#### [WORK REQUEST]
When you write out the listing, keep every character and omit the pictures.

#### [DATA PROVIDED]
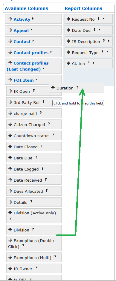 Duration will go wherever you drop it. That includes betweeen other columns. Those field names will move up and down to accomodate the new entry. In the screenshot below, “Duration” is being placed so that it shows in the fourth column of the Report after “IR Description”.
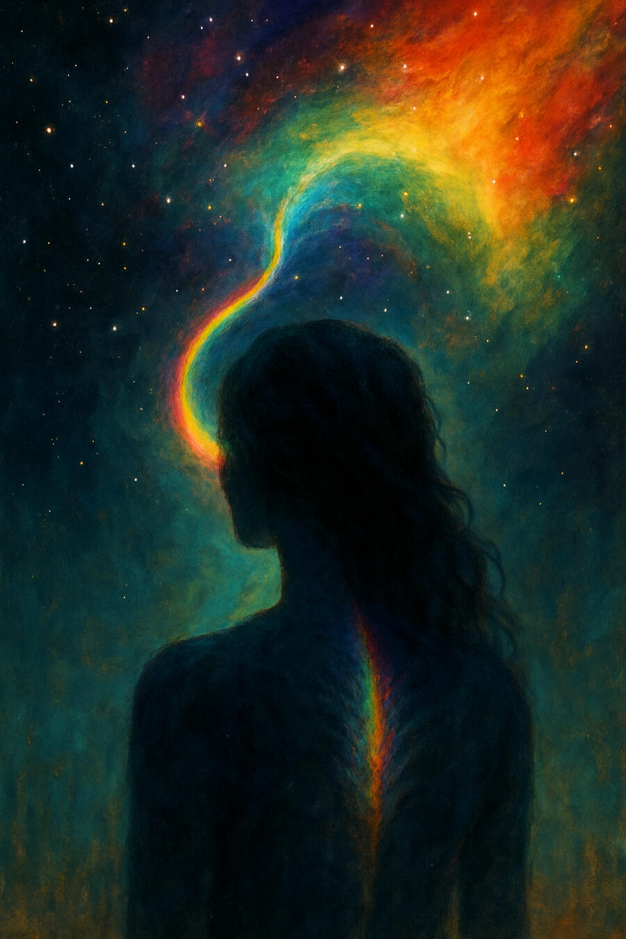 A rainbow pulses behind closed eyes, not symbolic, but real — a signal from something you haven’t reached yet that somehow already knows your name.
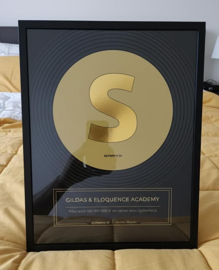 Je suis heureux de vous annoncer que j'ai reçu officiellement le trophée OR décerné par Systeme.io pour avoir généré 100 000 € de chiffre d'affaires avec notre client Nadège à la tête de l’académie ELOQUENCE ACADEMY.
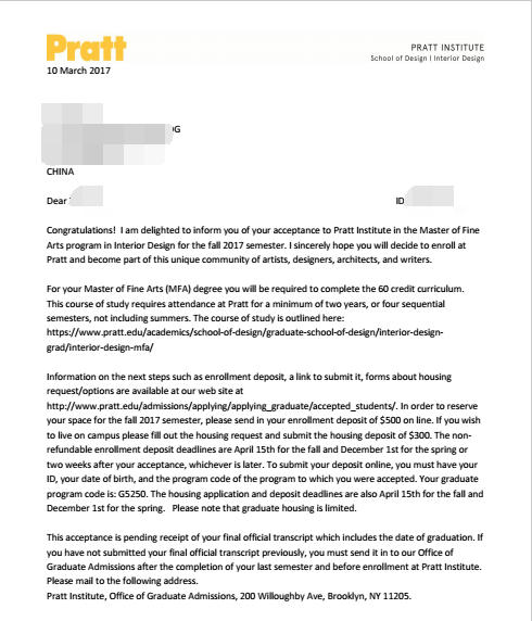 祝贺我们的S同学成功获得了全美顶级艺术院校Pratt Institute录取,我们为她感到骄傲,下面我们来分享一下S同学的申请经历。

#### [OUTPUT BELOW]
 Duration will go wherever you drop it. That includes betweeen other columns. Those field names will move up and down to accomodate the new entry. In the screenshot below, “Duration” is being placed so that it shows in the fourth column of the Report after “IR Description”.
 A rainbow pulses behind closed eyes, not symbolic, but real — a signal from something you haven’t reached yet that somehow already knows your name.
 Je suis heureux de vous annoncer que j'ai reçu officiellement le trophée OR décerné par Systeme.io pour avoir généré 100 000 € de chiffre d'affaires avec notre client Nadège à la tête de l’académie ELOQUENCE ACADEMY.
 祝贺我们的S同学成功获得了全美顶级艺术院校Pratt Institute录取,我们为她感到骄傲,下面我们来分享一下S同学的申请经历。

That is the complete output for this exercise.